China’s aviation-to-financial services conglomerate HNA Group last week acknowledged liquidity problems after a merger spree and a slowdown in Chinese growth. [L3N1PC24G]
Bohai Capital Holding, which is controlled by HNA, bought Avolon in 2015 for $2.5 billion. Avolon then bought the aircraft leasing arm of CIT Group for $10 billion to create the world’s third-largest aircraft leasing company.
Avolon has no immediate need to raise funds after repricing loans and tapping capital markets before concerns over HNA first flared up, said Mark Wasden, senior analyst at Moody’s Investors Service, which rates Avolon at Ba2 with a stable outlook.
“I am not sure if they would be able to pull that off in today’s environment,” he told the Airline Economics conference.
He and other rating agency officials told the conference Avolon was in no immediate danger of seeing its rating downgraded, but that its upward trajectory was constrained by the lack of guaranteed insulation from Bohai Capital and HNA.
“On a standalone basis Avolon is a fine company but parent liquidity issues are imposing on them some constraints regarding their funding profile today,” Wasden said.
“If they created a more robust covenant structure that created greater and more resilient separation from their parent company Bohai Capital and HNA that would be helpful,” he added.
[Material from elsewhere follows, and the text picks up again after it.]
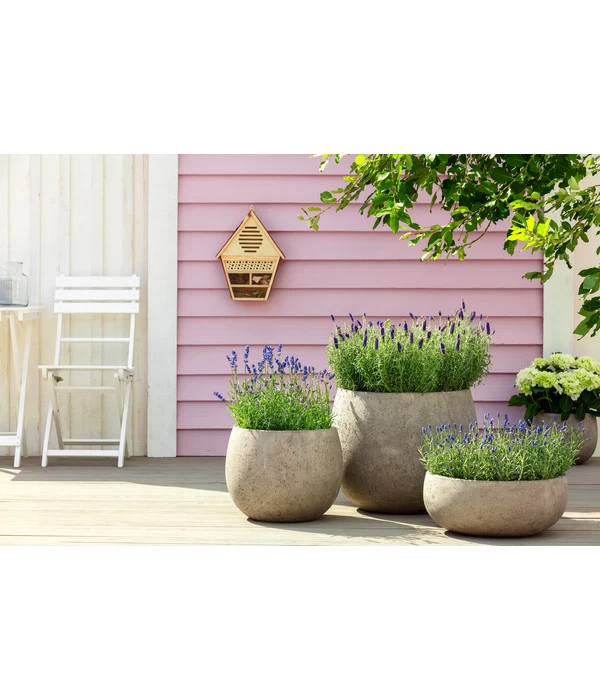 Trotz seiner Solidität und Widerstandskraft ist dieser runde Blumentopf aus Leichtbeton leicht und einfach zu verrücken oder zu tragen. Damit eignet er sich bestens für empfindliche Pflanzen, denen Sie im Sommer das frische Sonnenlicht draußen gönnen möchten, die im Winter aber nach Drinnen geholt werden müssen. Dafür ist nun kein anstrengendes Schleppen mehr nötig und Sie Ihre Pflanzen können mühelos umziehen.

Avolon could not immediately be reached for comment
HNA’s leverage has alarmed some analysts and its “aggressive financing policy” caused S&P Global Ratings in November to downgrade the company. HNA has also raised funds by selling expensive short-term debt and pledging more shares for loans.
Last month Fitch Ratings said that its BB rating for Avolon Holdings would be increasingly affected by HNA’s financial situation, questioning the independence of the unit’s decision-making process and segregation of financial resources from HNA.
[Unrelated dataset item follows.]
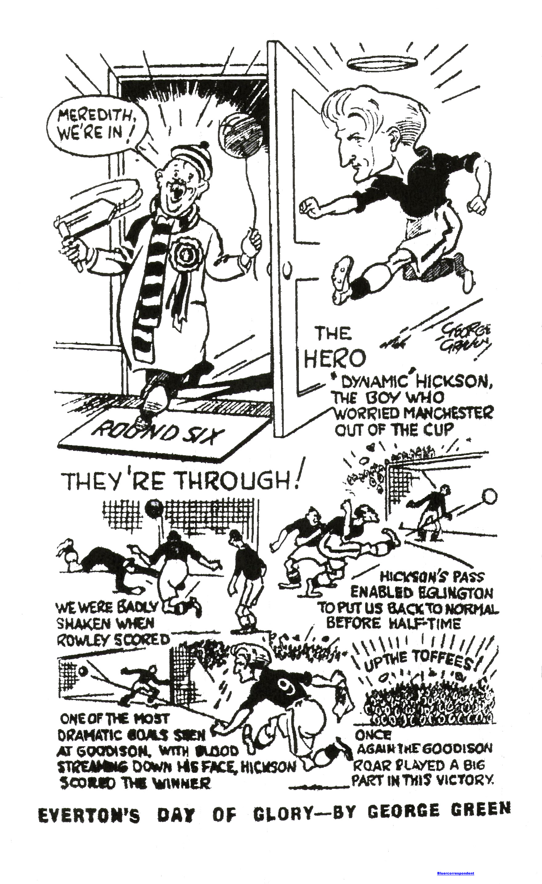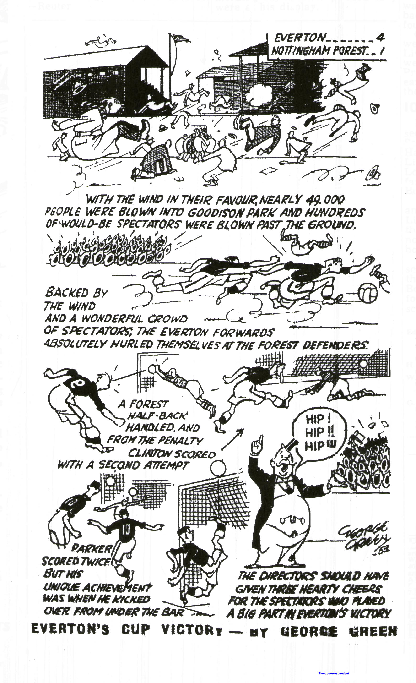 “Then there was George Cummins, one of the Irish lads, who were a grand schemer in the forward line. The only blot on George’s display was that e lost is wool a bit early on. Once he took a swipe at the Forest fellow. Mind you there ‘ad been some provocation –good word that Jimmy –but it wasn’t like the old Everton to see that sort of thing. Maybe, being Irish, the blood of George’s acesstors came to the top. Perhaps the lad didn’t know but wot ‘e was back at the Battle of the Boyne. “There was another Everton laddie wot also tried a spot of retaliation, Jock Lindsay they called Im. Jock ‘ad suffered one or two aggravating things fur wot must have riled him, for he was usually as mild as this ‘ere beer, and a real stylish back. Still, itre typical cup football and with their strong ‘arf-back line and lively forwards smartly led by a youngsters called ‘Ickson the Blues well deserved to win.

“A restrictive covenant would probably provide more teeth in terms of insulation,” Fitch analyst Sean Pattap told the Airline Economics conference on Monday.
Still, Marjan Riggi, managing director at Kroll Bond Ratings, which rates Avolon BBB+, questioned whether HNA would act to lower the value of Avolon, seen by many as a key asset.
“They paid up so much for the company that they are going to try to deal with it in a way that would provide the best value for the company,” she told the conference.
Even asking Avolon to pay dividends to Bohai, which it does not currently do, would make little difference, she said.
“HNA is so huge that these small amounts are not going to make or break the issues that they are experiencing in China.
“I think the solution will have to come from China and that somehow internally they will deal with it,” she added.